Omit the images, then repeat the listing exactly.

---*---

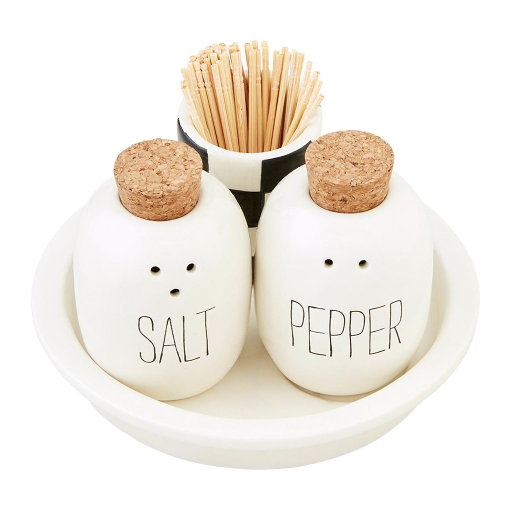 CHECKERED SALT & PEPPER TOOTHPICK CADDY SET
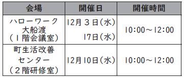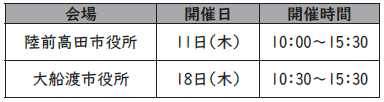 一関年金事務所では、下表のとおり相談会を開催します。予約制のため、相談を希望する方は開催日の前日までにお申込みください。
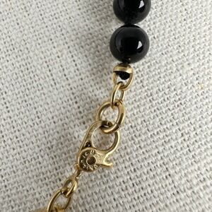 Vintage Monet Black Bead Necklace 15" Knotted Gold Patented Clasp Signed
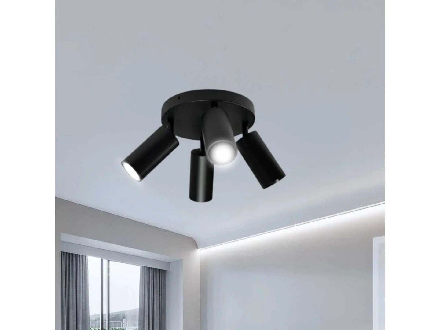 5 x Ronde opbouwarmatuur GU10 – 4 spots oriTafels – Zwart – Steun: GU10 – Aantal spots: 4 – Afmetingen: Ø 55 x 110 mm – Muurbeugel: Ø 200 x 25 mm – Vorm: rond – Draaibare spots: 350° rotatie en 70° kanteling – Materiaal: hoogwaardig aluminium – Kleur: zwart – Spanning: 85-265V (50/60Hz) – Beschermingsgraad: IP20 – Geschikt voor gebruik binnenshuis – GU10-lampen niet inbegrepen – Inclusief montageset voor eenvoudige installatie – Tijdloos, elegant en duurzaam ontwerp – Ideaal voor decoratieve en functionele verlichting. No Merk: Venus
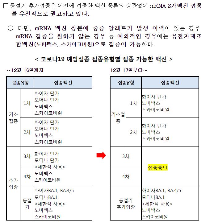 동절기 추가접종은 2가백신으로. mRNA백신접종을 원하지 않는다면 노바백스나 스카이코비원 접종가능.

---*---

Answer for this exercise:
 CHECKERED SALT & PEPPER TOOTHPICK CADDY SET
 一関年金事務所では、下表のとおり相談会を開催します。予約制のため、相談を希望する方は開催日の前日までにお申込みください。
 Vintage Monet Black Bead Necklace 15" Knotted Gold Patented Clasp Signed
 5 x Ronde opbouwarmatuur GU10 – 4 spots oriTafels – Zwart – Steun: GU10 – Aantal spots: 4 – Afmetingen: Ø 55 x 110 mm – Muurbeugel: Ø 200 x 25 mm – Vorm: rond – Draaibare spots: 350° rotatie en 70° kanteling – Materiaal: hoogwaardig aluminium – Kleur: zwart – Spanning: 85-265V (50/60Hz) – Beschermingsgraad: IP20 – Geschikt voor gebruik binnenshuis – GU10-lampen niet inbegrepen – Inclusief montageset voor eenvoudige installatie – Tijdloos, elegant en duurzaam ontwerp – Ideaal voor decoratieve en functionele verlichting. No Merk: Venus
 동절기 추가접종은 2가백신으로. mRNA백신접종을 원하지 않는다면 노바백스나 스카이코비원 접종가능.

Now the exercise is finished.